Survivors' accounts now indicate the dangerous Mediterranean Sea crossing from Libya to Italy claimed at least 880 lives in the last week as unseaworthy, overcrowded smuggling boats capsized and sank under the weight of their human cargo, the U.N. refugee agency said Tuesday.

The deadliest known tally in more than a year could foreshadow disasters ahead in the next few months during the region's traditional summer-fall spike in human trafficking as the weather and water grow warmer.

UNHCR spokesman William Spindler said this year is proving to be "particularly deadly" on the Mediterranean, with some 2,510 lives lost compared to 1,855 in the same span a year ago.

International organizations had reported Sunday that over 700 migrants and refugees had perished in three Mediterranean shipwrecks on three straight days last week. Further interviews with traumatized survivors who were brought to Italian ports prompted UNHCR to increase the estimated number of dead from those wrecks and others.

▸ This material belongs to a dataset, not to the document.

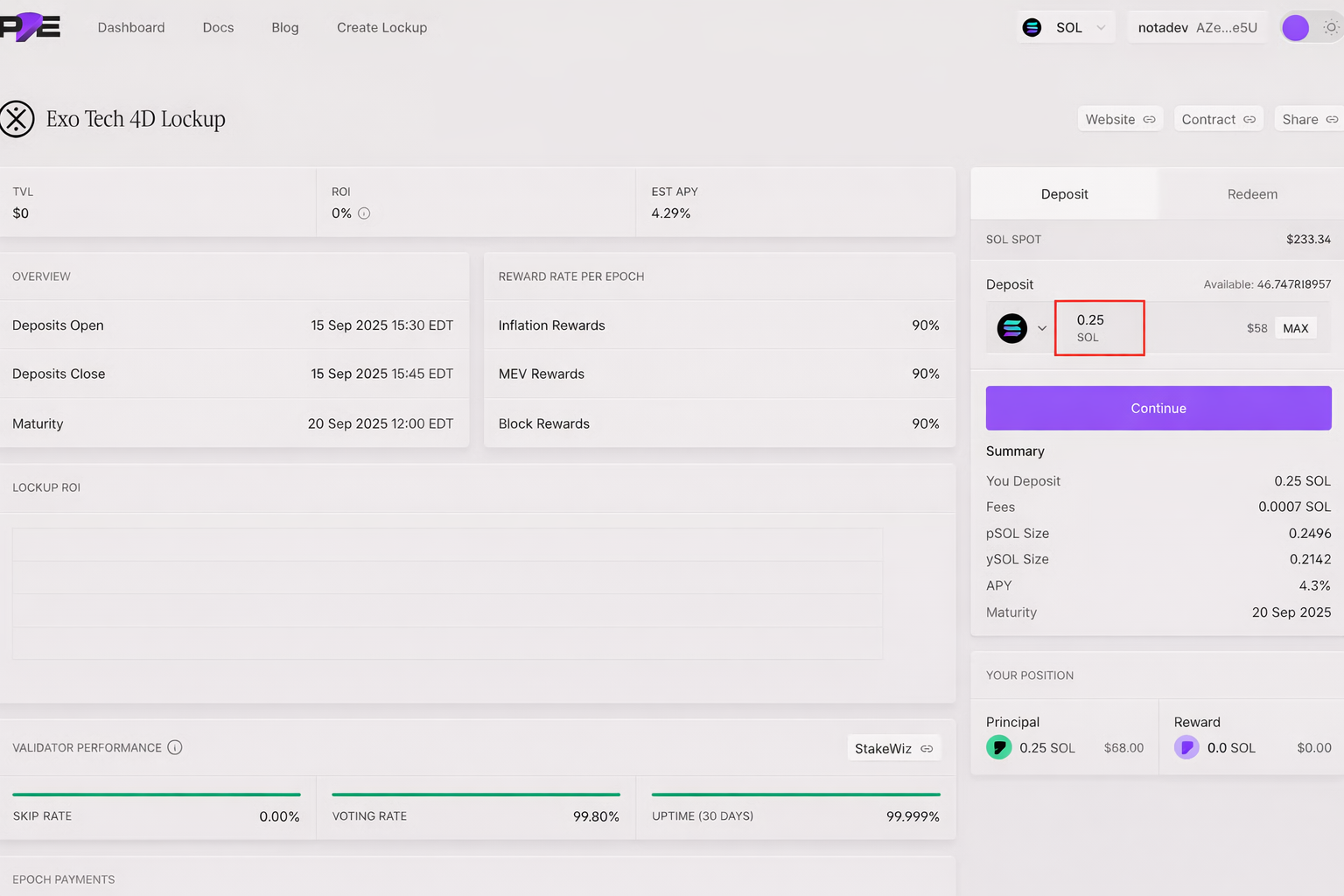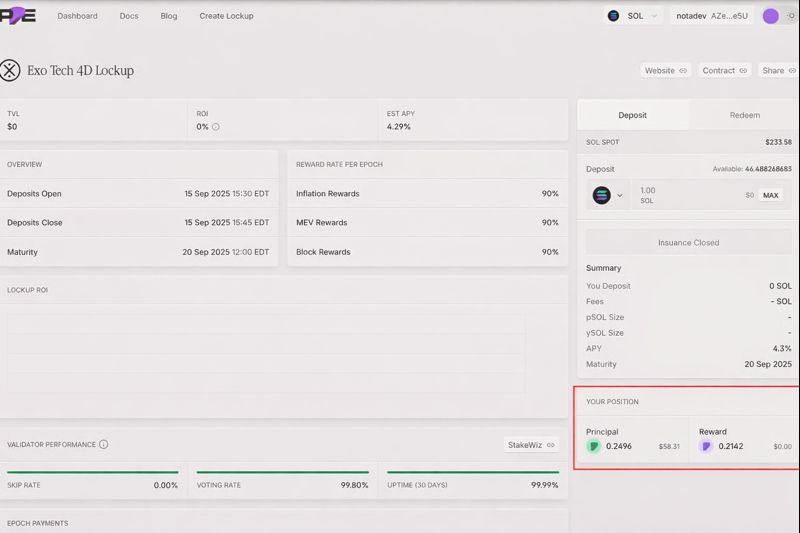 After a successful deposit, your position will appear in the Your Position panel (bottom right).

Saying UNHCR has "better figures now," Spindler cited new estimates that about 100 people died in a shipwreck Wednesday, some 550 others died in another capsizing Thursday and a third sinking on Friday left 170 others missing and presumed dead.

UNHCR said survivors who landed in Augusta, Italy, over the weekend indicated that 47 other migrants were missing at sea in a separate incident after a raft carrying 125 migrants deflated.

"Eight others were reported separately to have been lost overboard from another boat, and four deaths were reported after fire on aboard another," UNHCR said.

Spindler said authorities were still trying to understand the jump in deaths, even as they know the region is moving into its high season for human trafficking.

UNHCR cited unconfirmed accounts that smugglers might be trying to "maximize income" before the Ramadan holy month, which begins in the first week of June. Spindler also said he had never heard of smugglers using such risky tactics as having one overloaded boat tow another one overflowing with hundreds of people.

Joel Millman, spokesman for the International Organization for Migration, also pointed to a new tactic used by smugglers in recent weeks.

"Traffickers and smugglers working out of Libya are using much bigger boats now, carrying as many as 750 people, where for the last 12 months, we've been seeing a lot of smaller rubber inflatable dinghies," Millman said at a Geneva news conference alongside Spindler.

UNHCR said most boats leaving Libya are departing from Sabratha, west of Tripoli.

A deal between the European Union and Turkey to return migrants to Turkey has significantly dampened the migrant sea route into Europe from Turkey to Greece, which hundreds of thousands of people used last year.

IOM and UNHCR have been on watch for signs that migrants may be shifting to the much longer and more dangerous Libya-Italy option.

"As of now, UNHCR has not seen evidence of a significant diversion of Syrians, Afghans or Iraqis from the Turkey-Greece route to the central Mediterranean one," Spindler said.

He reiterated UNHCR's appeal to the EU to allow for more legal pathways for refugees to reach Europe, calling it "shameful" that the 28-nation bloc had resettled fewer than 2,000 people under an EU plan announced last year to resettle 160,000.